Personally, I think the best solution would be a dynamic cap. One endorsement per connection added on your profile, with no restrictions on their use. Make people consider what their use case is and how to disperse them in a meaningful way.

Problem 2 – Suggested Skill Box

In a bid to encourage endorsements, LinkedIn displays an endorsement box on all profile pages. It proposes four suggestions:

LinkedIn Endorsements
Who do you want to endorse?

First, the skills generated in the skill box are not always the skills specified on the relevant user’s profile. The LinkedIn algorithm often suggests skills that are completely irrelevant. Overnight you can become a perceived expert in something you have no experience in at all. My personal favorites this week were Bash and Python, for which I received 3 endorsements each.

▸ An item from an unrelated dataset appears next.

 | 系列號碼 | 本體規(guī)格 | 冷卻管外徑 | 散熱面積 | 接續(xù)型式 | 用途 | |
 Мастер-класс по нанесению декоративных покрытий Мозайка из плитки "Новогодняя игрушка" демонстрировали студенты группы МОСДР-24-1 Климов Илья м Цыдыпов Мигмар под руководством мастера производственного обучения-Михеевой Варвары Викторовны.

I have never, in my life, held a developer/engineer position or written a line of Python!

Second, these questions are far too suggestive. Being offered a name and an associated skill is simply leading the user down a path, and as discussed above, this is often the wrong path. “Who would you recommend for Java?” would be a far better question. The user should at least have to think about the skill set and their connections.  Even better, how about limiting the suggested endorsements to those that you have noted as your own skills? Maybe this wouldn’t be enforced if the user were to go to a connection’s page to endorse, as this requires more effort than a skill box endorsement.

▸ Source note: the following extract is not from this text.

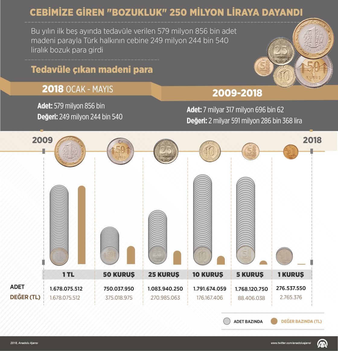 Bu yılın ilk beş ayında tedavüle verilen 579 milyon 856 bin adet madeni parayla Türk halkının cebine 249 milyon 244 bin 540 liralık bozuk para girdi. Türk halkının cebindeki madeni ufaklık paraların toplam değeri 2009'dan bu yana 2 milyar 591 milyon 286 bin 368 lira oldu. ( Muhammed Ali Yiğit - Anadolu Ajansı )18 Haziran 2018•Güncelleme: 18 Haziran 2018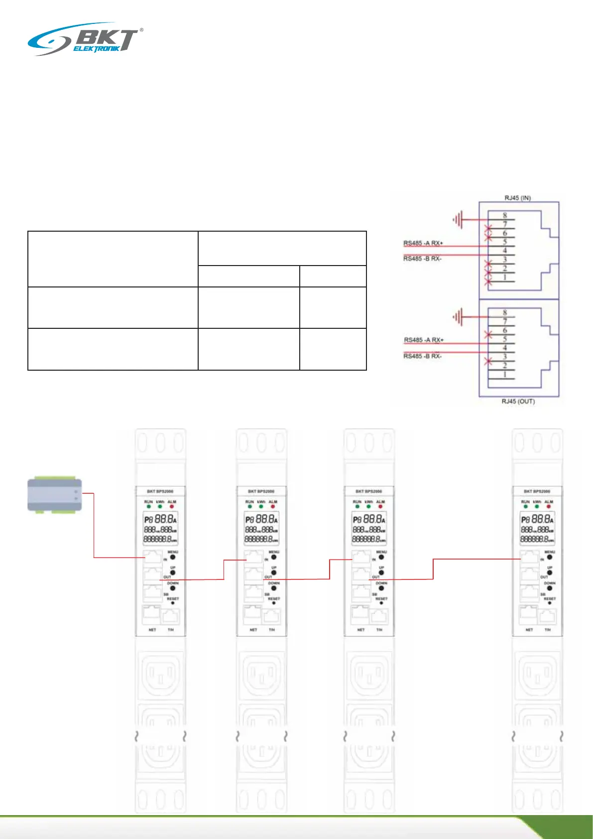Diagram of the connecon of the BPS2000 strip to the ModBusRTU

Finally, the interface for the endorsement box just encourages inaccuracies. The most prominent (and highlighted button) is, of course, ‘Endorse all 4’. If you close one recommended endorsement, another appears. If you endorse one connection, another will appear.  If you ‘endorse all 4’, you can do four more! You can endorse 100 connections in your network for a random skill in less than 30 seconds. Now that’s efficiency. I have been told by my anonymous source that if you continue to ‘endorse all 4’ the suggestions do eventually dry up…

Wrap Up

I’ve had quite a lot of fun on LinkedIn this week, adding new connections and endorsing people I know well, a little, and although I must confess to being part of the system I’m complaining about, really not at all.  I’ve had a variety of responses, from thank you emails and return endorsements, to the dreaded no response (disclaimer – I have since deleted all the extra skills that were created and the related endorsements!).

As attractive as it is to have endorsements coming out your ears, with the current approach LinkedIn is taking to try and encourage its use, it is only a matter of time before people will disregard what could be an incredibly useful feature. You can see the inevitable happening already – try it.